There’s an easy way to figure out when someone isn’t telling the whole story. The way I do it is by asking the person a simple question about their story – a question I know he can answer if he wants to. If he won’t give me an answer, then I know I’ve asked him to tell me something he doesn’t want me to know. I know I’m not getting the whole story. It’s pretty simple, really.

Colorado’s Gov. Bill Owens is the highest-ranking proponent of a ballot question that all of us in Colorado are going to be asked to vote on in about three months. Referendum A, as it’s being pitched (see language below), would allow the state to float $2 billion in bonds to go toward water storage/infrastructure. Of that money, $100 million would be designated to tighten up the existing water system. The rest would go toward new “projects.”

Owens has a plan in mind for that $2 billion. He knows exactly where it’s going to go, and he’s being asked by opponents of Referendum A to tell them specifically where that is. But he’s not answering them.

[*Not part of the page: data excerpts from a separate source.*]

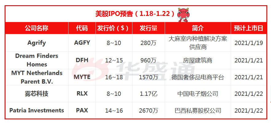 美股IPO市场持续火爆,本周预计将有5家传统IPO发行,企业覆盖多个国家与行业。包括美国的大麻室内种植解决方案供应商Agrify、房屋建筑商Dream Finders Homes;德国的奢侈品电商MYT Netherlands Parent B.V.;中国电子烟公司雾芯科技,还有巴西的私募股权公司Patria Investments Limited。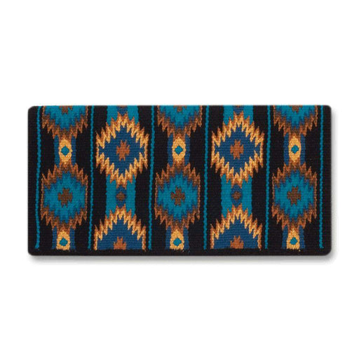 MayatexMayatex saddle blanket 34" long 38" wide Blk/Chest/Ocenblu Teal/Rust/Gold10 Wool blend 2x2 1463-8 1463-8 is a wool blend tightly woven and very d...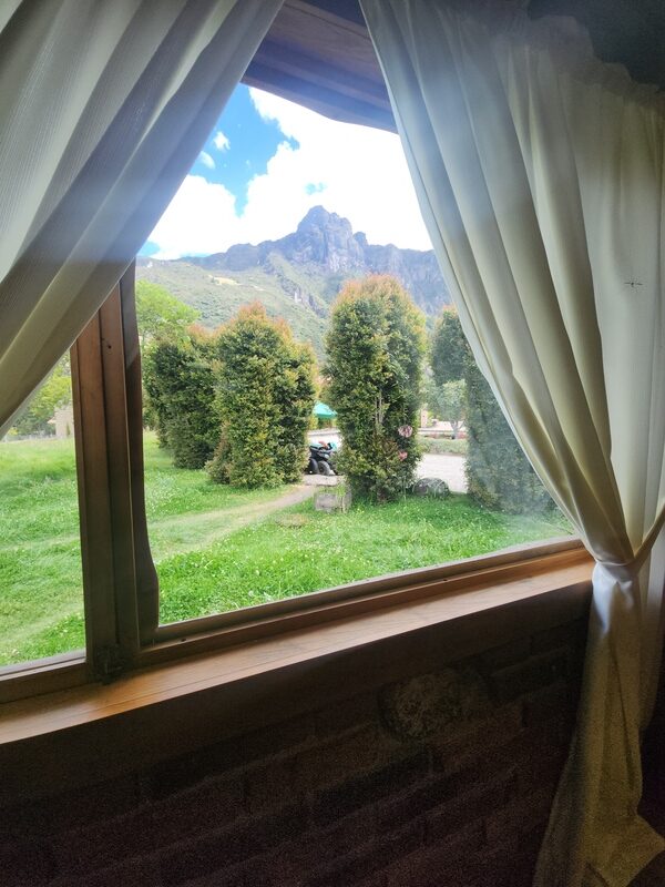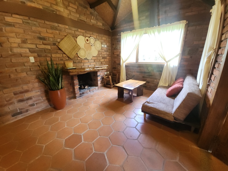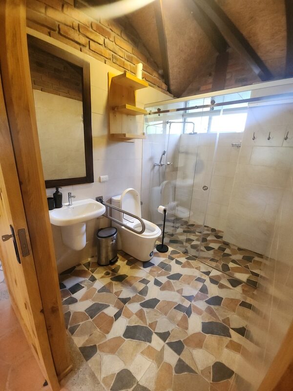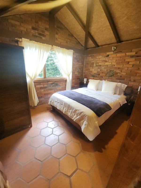 Cabaña Nuna: Cabaña rústica independiente diseñada para personas con discapacidad, con dos habitaciones (una con cama doble y otra con cama individual), sala de estar, estación de té e infusiones, baño privado con ducha de agua caliente, chimenea y vistas directas a los jardines y espacios verdes.

The governor has said only that the $2 billion will go toward building small storage systems, and he’s mentioned improvements to the existing water systems, but he won’t say where, or exactly what those projects will be, although he could if he wanted to. Opponents of Referendum A also are asking the governor how communities would be compensated for the impacts such water storage projects would have. The governor isn’t answering that question either.

About a dozen Western Slope stakeholders and representatives have stated their strong opposition to Referendum A. Even Republican congressman Scott McInnis has flown in the face of his party to openly reject the measure. These days, if a high-ranking Republican congressman goes against a Republican governor, it’s a good sign something’s seriously amiss.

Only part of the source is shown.